La souveraineté numérique est-elle un sujet pour la Caisse d’Épargne Normandie ?
La souveraineté numérique comprise comme synonyme de sécurité bancaire est consubstantielle à notre activité. D’ailleurs, plusieurs dispositifs réglementaires combinés conduisent, dans les faits, à une obligation de localisation européenne pour les données sensibles, notamment dans le domaine bancaire : le RGPD (Règlement général sur la protection des données), le règlement Dora (imposant aux banques de garantir à leurs autorités de supervision un accès total aux données)… Ou encore les lignes directrices de l’Autorité bancaire européenne sur l’externalisation conduisant les banques françaises à privilégier des solutions d’hébergement opérant exclusivement sous juridiction européenne.
Quel critère prioritaire dirige le choix de l’hébergement des données numériques de la Caisse d’Épargne Normandie ?
Le premier critère est la souveraineté en France : nos données et surtout celles de nos clients ne doivent pas être ailleurs. La quasi-totalité de nos données sont hébergées dans des data centers qui nous appartiennent dans l’Hexagone, notamment en région parisienne où les data centers sont distants de plus de 30 km pour des raisons de sécurité, mais également dans le Sud Est, du côté de Castres. Et l’ensemble de nos infrastructures est interconnecté avec un réseau de fibre optique doublé qui nous est propre, ce qu’on appelle de "la fibre noire". Toutefois, quelques données périphériques peuvent être amenées à ne pas se trouver dans ces data centers : des applications utilisant des outils de communication locaux, par exemple, dont la base de données sera hébergée en France chez un opérateur possédant un bon niveau de sécurité.
Reste que les matériels ne sont pas européens…
Les matériels et les serveurs sont effectivement américains ou fabriqués en Asie. Nous n’avons pas de constructeurs d’ordinateurs en France. Le fabricant français Bull existait il y a une quarantaine d’années. Il faut trouver le meilleur équilibrage entre ce qui n’est pas négociable -la sécurité, les données- et l’appel à des technologies françaises, européennes voire d’ailleurs et maîtriser ce qu’on fait.
Quels autres critères orientent vos choix d’hébergement de données ?
La sécurité, le respect de l’environnement et, en dernier, le prix. Nous choisissions les systèmes les plus sophistiqués disponibles sur le marché en matière de sécurité, en s’appuyant sur des acteurs reconnus tels que JBM. Localement, notre RSSI (Responsable de la sécurité des systèmes d’information) fait appel, depuis début 2019, à l’entreprise YesWeHack -présente à Rouen- qui recourt à des hackers éthiques qui testent la sécurité de nos systèmes.
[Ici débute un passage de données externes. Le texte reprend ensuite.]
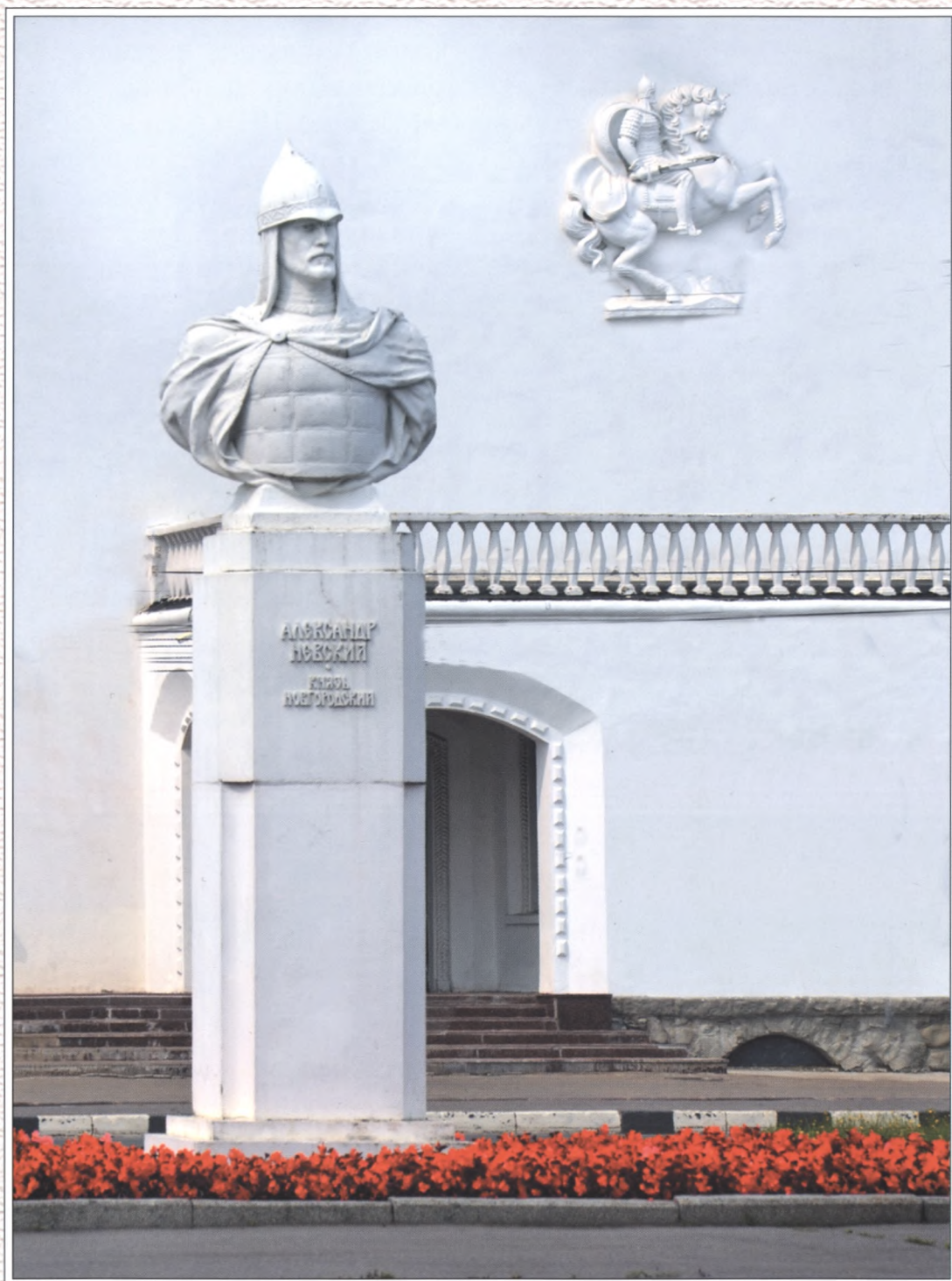
Скульптор З. Азгур. 1959 год. Переустановлен в 1995 году

В 1959 году в Новгороде был открыт бюст Александра Невского. Памятник первоначально располагался в древней части Новгорода. В 1995 году его перенесли на привокзальную площадь и установили на месте памятника К. Марксу, который был демонтирован. На постаменте к словам «Александр Невский», высеченным в советское время, добавили «Князь Новгородский».

Pour des développements de logiciels, nous faisons également appel à l’entreprise Attineos.
Comment choisir un data center plus sobre énergétiquement ?
Nous sommes sensibles à la quantité d’énergie consommée, aux technologies utilisées pour réduire la nécessité de refroidir les microprocesseurs, ainsi qu’au type d’alimentation électrique. Les serveurs qui stockent les données consomment aujourd’hui de moins en moins d’énergie, on peut donc en implanter un plus grand nombre qu’il y a une vingtaine d’années sur une même surface, ce qui revient à en climatiser beaucoup moins. Nous nous fournissons également en énergie renouvelable à base de photovoltaïque et d’éolien en contrats pluriannuels.
Quels conseils donneriez-vous éventuellement à des dirigeants de PME qui ne seraient pas sensibilisés à cet enjeu ?
Recruter quelques experts qui maîtrisent ces sujets, et systématiquement, faire appel à des sociétés de services reconnues pour définir une stratégie, connaître son niveau de risque en faisant un diagnostic. Puis, décider le niveau de risques qu’on est prêt à prendre par rapport à son activité. Enfin, tester ses systèmes régulièrement avec un dispositif tiers par des simulations. La Caisse d’Épargne Normandie gère un encours total de 43 milliards d’euros et emploie plus de 1620 collaborateurs.